Do I put people down? No. Do I expect them to think like me? No. Are they intimidated by me? Yes. Do they feel inferior to me because of how I talk and what I talk about? Yes. Do I want them to? No. All my life people have put me on a pedestal because of my intelligence, and then cowered away from the man they put on it. I have never thought of myself as better than anyone, but people see me as such because they can't handle their own insecurities.

Take my sister. She is intelligent. I have always told her such and I have always let her know that I believe she can be the best. Always. I have never doubted her. She doubts herself, though, because she lacks as much raw intelligence as I and my youngest sister do. She doesn't pick things up as easily as we do. Is that bad? No. Do I think she is any less intelligent? No. Hell, I admire how hard she works to get to the same level we find so easy. I admire her for it. To quell her doubts, I said that if she is ever unsure of herself or her work, to let me have a read and I'll help if I can. A brotherly gesture, trying to make my sister feel better, and it was met with accusations of me thinking I was better, of me being arrogant, of me feeling superior to everyone.

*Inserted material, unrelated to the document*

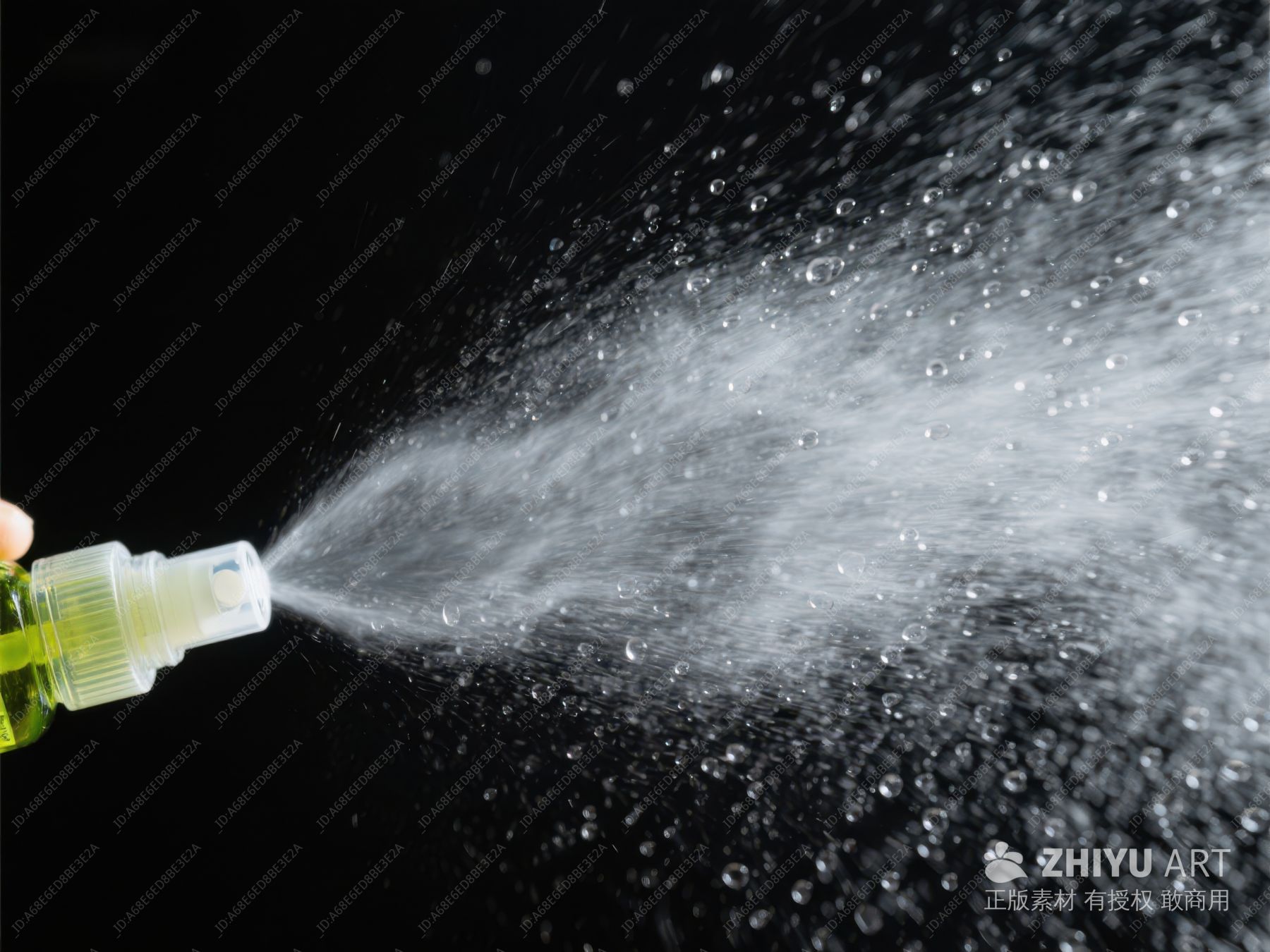 喷雾瓶喷洒液体,背景为黑色 321

I have been accused of arrogance by others, and not just her for similar things. I have been made to feel like I belittle people just by being what I am, and that is intelligent. That doesn't mean I am those things. It just means that people don't like that I'm those things, and they're not. Not all intelligent people are trying to make others feel small. Some of us are just being what we are and behaving as such. Doesn't make us bad people.
 
Well, in the end, that is what happens to everyone who speak well of their own abilities. It's taboo.
 
Pheenix said:
Well, in the end, that is what happens to everyone who speak well of their own abilities. It's taboo.

But that's just it, I and others don't talk about our own abilities. We merely live them. I don't start every sentence with "I'm intelligent". I just speak intelligently. It's others who make me out to be something. My grandad tells me consistently that I am better than other people. I tell him I am not. I was just blessed with something others weren't and they were blessed with things I wasn't. People make me out to be something, but don't like that I am that thing, making me out to be arrogant when I try to help or phrase a sentence a certain way. One girl kept moaning at me for using a word in an incorrect context. Stupid thing to start an argument over, but she did. I explained why it was correct despite her constant argument that it was incorrect. When she finally saw my point of view, she ended the argument with, "You're patronising." She didn't like that I was right, that I am what I am so I become patronising.

All I'm saying is, some intelligent people, such as myself, do not view themselves as better than anyone, but their lifestyle as an intelligent person (their speech, conversation preferences, knowledge) offends people. I'm just saying, most intelligent people aren't arrogant and don't feel superior just because of intelligence, and shouldn't be treated as though they do.
 
I always tell my cocky part timer that he who boasts the most has the least to boast about. To which he says that only guys with small d!cks say that...smart@$$ teenagers.
 
Not sarcastic :) Yeah, it's weird, writing something bluntly and without wasting space on meaningless words is sometimes perceived as sarcastic. I wonder what I can do about it...
 
SophiaGrace said:
"Intelligent" People Irritate Me Sometimes

It sound more like it is arrogant, pompous people who irritate you.
 
Pheenix said:
Not sarcastic :) Yeah, it's weird, writing something bluntly and without wasting space on meaningless words is sometimes perceived as sarcastic. I wonder what I can do about it...

It's the curse of the computer. Without tone or facial expressions, it's hard to perceive. I've been accused of a lot myself. I even question myself now, wondering how things read. ;)

 
"THINTELLIGENT" people bother you.

People who think that they are intelligent... but who are actually quite dim and only parrot the most douchey tidbits of information gleaned from brighter minds that they've encountered. All in a pretense to lead you to believe that they are smarter than you.